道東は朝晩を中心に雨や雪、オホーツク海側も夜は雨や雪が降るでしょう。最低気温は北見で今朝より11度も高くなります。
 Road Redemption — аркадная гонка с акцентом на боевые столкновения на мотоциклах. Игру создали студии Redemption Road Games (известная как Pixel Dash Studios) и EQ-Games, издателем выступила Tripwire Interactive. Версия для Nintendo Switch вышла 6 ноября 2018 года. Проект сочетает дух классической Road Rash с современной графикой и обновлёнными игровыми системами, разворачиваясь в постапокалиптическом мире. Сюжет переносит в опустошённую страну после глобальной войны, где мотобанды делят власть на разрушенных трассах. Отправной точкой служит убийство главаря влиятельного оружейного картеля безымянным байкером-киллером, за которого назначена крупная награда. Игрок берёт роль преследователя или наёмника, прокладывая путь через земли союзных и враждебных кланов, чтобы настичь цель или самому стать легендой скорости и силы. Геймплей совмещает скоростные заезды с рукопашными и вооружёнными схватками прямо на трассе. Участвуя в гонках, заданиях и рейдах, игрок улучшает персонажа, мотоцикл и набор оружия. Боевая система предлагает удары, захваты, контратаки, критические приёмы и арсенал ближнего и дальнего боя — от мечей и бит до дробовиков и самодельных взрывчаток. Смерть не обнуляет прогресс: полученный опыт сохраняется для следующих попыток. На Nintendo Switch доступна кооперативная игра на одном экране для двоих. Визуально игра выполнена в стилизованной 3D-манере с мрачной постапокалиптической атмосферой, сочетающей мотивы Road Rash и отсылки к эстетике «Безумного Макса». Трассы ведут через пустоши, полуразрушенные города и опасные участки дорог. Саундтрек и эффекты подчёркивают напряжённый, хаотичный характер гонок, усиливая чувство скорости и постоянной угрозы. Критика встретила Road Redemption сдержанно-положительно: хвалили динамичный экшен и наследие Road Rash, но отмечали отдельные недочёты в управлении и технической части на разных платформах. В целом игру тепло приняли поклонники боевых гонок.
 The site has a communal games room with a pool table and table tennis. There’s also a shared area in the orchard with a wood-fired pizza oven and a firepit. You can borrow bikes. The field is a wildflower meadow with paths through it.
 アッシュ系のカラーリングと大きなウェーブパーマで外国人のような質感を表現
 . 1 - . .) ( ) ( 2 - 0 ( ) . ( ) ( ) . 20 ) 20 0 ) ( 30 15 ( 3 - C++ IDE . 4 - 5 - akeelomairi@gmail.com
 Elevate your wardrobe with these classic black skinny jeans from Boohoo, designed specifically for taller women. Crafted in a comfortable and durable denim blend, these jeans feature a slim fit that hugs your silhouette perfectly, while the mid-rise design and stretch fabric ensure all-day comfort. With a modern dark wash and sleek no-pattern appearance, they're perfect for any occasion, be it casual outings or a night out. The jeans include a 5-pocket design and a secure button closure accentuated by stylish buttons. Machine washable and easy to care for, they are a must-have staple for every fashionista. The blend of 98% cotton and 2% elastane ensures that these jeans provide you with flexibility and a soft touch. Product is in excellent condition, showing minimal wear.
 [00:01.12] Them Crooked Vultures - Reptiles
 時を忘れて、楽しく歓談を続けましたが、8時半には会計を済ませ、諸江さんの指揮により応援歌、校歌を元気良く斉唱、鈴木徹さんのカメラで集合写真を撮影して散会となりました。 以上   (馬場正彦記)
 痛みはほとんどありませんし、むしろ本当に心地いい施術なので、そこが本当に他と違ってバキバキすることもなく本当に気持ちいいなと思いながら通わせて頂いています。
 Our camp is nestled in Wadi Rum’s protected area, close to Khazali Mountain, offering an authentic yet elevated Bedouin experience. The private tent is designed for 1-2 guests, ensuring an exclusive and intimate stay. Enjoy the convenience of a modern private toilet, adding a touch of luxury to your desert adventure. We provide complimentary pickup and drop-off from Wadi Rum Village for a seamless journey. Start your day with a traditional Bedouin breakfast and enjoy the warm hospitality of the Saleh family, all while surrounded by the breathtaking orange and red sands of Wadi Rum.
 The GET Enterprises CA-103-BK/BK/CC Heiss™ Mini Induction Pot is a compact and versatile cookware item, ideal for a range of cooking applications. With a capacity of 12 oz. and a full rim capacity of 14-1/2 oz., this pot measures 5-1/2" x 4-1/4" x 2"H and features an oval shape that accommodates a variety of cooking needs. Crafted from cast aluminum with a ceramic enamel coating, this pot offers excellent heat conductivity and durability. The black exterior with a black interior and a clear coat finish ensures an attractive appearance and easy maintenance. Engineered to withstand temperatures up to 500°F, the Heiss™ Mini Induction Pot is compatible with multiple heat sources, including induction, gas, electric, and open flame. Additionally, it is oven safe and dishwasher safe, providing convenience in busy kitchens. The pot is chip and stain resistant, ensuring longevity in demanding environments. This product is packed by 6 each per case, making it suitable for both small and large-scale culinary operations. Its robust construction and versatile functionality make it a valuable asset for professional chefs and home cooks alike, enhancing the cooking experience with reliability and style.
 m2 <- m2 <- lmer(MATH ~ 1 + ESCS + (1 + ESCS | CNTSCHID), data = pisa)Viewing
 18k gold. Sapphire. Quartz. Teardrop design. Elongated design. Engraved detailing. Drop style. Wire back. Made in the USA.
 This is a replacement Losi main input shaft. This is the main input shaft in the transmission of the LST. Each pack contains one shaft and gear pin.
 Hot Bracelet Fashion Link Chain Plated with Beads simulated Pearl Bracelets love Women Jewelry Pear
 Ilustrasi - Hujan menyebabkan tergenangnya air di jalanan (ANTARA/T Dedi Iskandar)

#### What the task asks:
Copy out every record above once more, precisely as written.

#### Response to the exercise:
道東は朝晩を中心に雨や雪、オホーツク海側も夜は雨や雪が降るでしょう。最低気温は北見で今朝より11度も高くなります。
 Road Redemption — аркадная гонка с акцентом на боевые столкновения на мотоциклах. Игру создали студии Redemption Road Games (известная как Pixel Dash Studios) и EQ-Games, издателем выступила Tripwire Interactive. Версия для Nintendo Switch вышла 6 ноября 2018 года. Проект сочетает дух классической Road Rash с современной графикой и обновлёнными игровыми системами, разворачиваясь в постапокалиптическом мире. Сюжет переносит в опустошённую страну после глобальной войны, где мотобанды делят власть на разрушенных трассах. Отправной точкой служит убийство главаря влиятельного оружейного картеля безымянным байкером-киллером, за которого назначена крупная награда. Игрок берёт роль преследователя или наёмника, прокладывая путь через земли союзных и враждебных кланов, чтобы настичь цель или самому стать легендой скорости и силы. Геймплей совмещает скоростные заезды с рукопашными и вооружёнными схватками прямо на трассе. Участвуя в гонках, заданиях и рейдах, игрок улучшает персонажа, мотоцикл и набор оружия. Боевая система предлагает удары, захваты, контратаки, критические приёмы и арсенал ближнего и дальнего боя — от мечей и бит до дробовиков и самодельных взрывчаток. Смерть не обнуляет прогресс: полученный опыт сохраняется для следующих попыток. На Nintendo Switch доступна кооперативная игра на одном экране для двоих. Визуально игра выполнена в стилизованной 3D-манере с мрачной постапокалиптической атмосферой, сочетающей мотивы Road Rash и отсылки к эстетике «Безумного Макса». Трассы ведут через пустоши, полуразрушенные города и опасные участки дорог. Саундтрек и эффекты подчёркивают напряжённый, хаотичный характер гонок, усиливая чувство скорости и постоянной угрозы. Критика встретила Road Redemption сдержанно-положительно: хвалили динамичный экшен и наследие Road Rash, но отмечали отдельные недочёты в управлении и технической части на разных платформах. В целом игру тепло приняли поклонники боевых гонок.
 The site has a communal games room with a pool table and table tennis. There’s also a shared area in the orchard with a wood-fired pizza oven and a firepit. You can borrow bikes. The field is a wildflower meadow with paths through it.
 アッシュ系のカラーリングと大きなウェーブパーマで外国人のような質感を表現
 . 1 - . .) ( ) ( 2 - 0 ( ) . ( ) ( ) . 20 ) 20 0 ) ( 30 15 ( 3 - C++ IDE . 4 - 5 - akeelomairi@gmail.com
 Elevate your wardrobe with these classic black skinny jeans from Boohoo, designed specifically for taller women. Crafted in a comfortable and durable denim blend, these jeans feature a slim fit that hugs your silhouette perfectly, while the mid-rise design and stretch fabric ensure all-day comfort. With a modern dark wash and sleek no-pattern appearance, they're perfect for any occasion, be it casual outings or a night out. The jeans include a 5-pocket design and a secure button closure accentuated by stylish buttons. Machine washable and easy to care for, they are a must-have staple for every fashionista. The blend of 98% cotton and 2% elastane ensures that these jeans provide you with flexibility and a soft touch. Product is in excellent condition, showing minimal wear.
 [00:01.12] Them Crooked Vultures - Reptiles
 時を忘れて、楽しく歓談を続けましたが、8時半には会計を済ませ、諸江さんの指揮により応援歌、校歌を元気良く斉唱、鈴木徹さんのカメラで集合写真を撮影して散会となりました。 以上   (馬場正彦記)
 痛みはほとんどありませんし、むしろ本当に心地いい施術なので、そこが本当に他と違ってバキバキすることもなく本当に気持ちいいなと思いながら通わせて頂いています。
 Our camp is nestled in Wadi Rum’s protected area, close to Khazali Mountain, offering an authentic yet elevated Bedouin experience. The private tent is designed for 1-2 guests, ensuring an exclusive and intimate stay. Enjoy the convenience of a modern private toilet, adding a touch of luxury to your desert adventure. We provide complimentary pickup and drop-off from Wadi Rum Village for a seamless journey. Start your day with a traditional Bedouin breakfast and enjoy the warm hospitality of the Saleh family, all while surrounded by the breathtaking orange and red sands of Wadi Rum.
 The GET Enterprises CA-103-BK/BK/CC Heiss™ Mini Induction Pot is a compact and versatile cookware item, ideal for a range of cooking applications. With a capacity of 12 oz. and a full rim capacity of 14-1/2 oz., this pot measures 5-1/2" x 4-1/4" x 2"H and features an oval shape that accommodates a variety of cooking needs. Crafted from cast aluminum with a ceramic enamel coating, this pot offers excellent heat conductivity and durability. The black exterior with a black interior and a clear coat finish ensures an attractive appearance and easy maintenance. Engineered to withstand temperatures up to 500°F, the Heiss™ Mini Induction Pot is compatible with multiple heat sources, including induction, gas, electric, and open flame. Additionally, it is oven safe and dishwasher safe, providing convenience in busy kitchens. The pot is chip and stain resistant, ensuring longevity in demanding environments. This product is packed by 6 each per case, making it suitable for both small and large-scale culinary operations. Its robust construction and versatile functionality make it a valuable asset for professional chefs and home cooks alike, enhancing the cooking experience with reliability and style.
 m2 <- m2 <- lmer(MATH ~ 1 + ESCS + (1 + ESCS | CNTSCHID), data = pisa)Viewing
 18k gold. Sapphire. Quartz. Teardrop design. Elongated design. Engraved detailing. Drop style. Wire back. Made in the USA.
 This is a replacement Losi main input shaft. This is the main input shaft in the transmission of the LST. Each pack contains one shaft and gear pin.
 Hot Bracelet Fashion Link Chain Plated with Beads simulated Pearl Bracelets love Women Jewelry Pear
 Ilustrasi - Hujan menyebabkan tergenangnya air di jalanan (ANTARA/T Dedi Iskandar)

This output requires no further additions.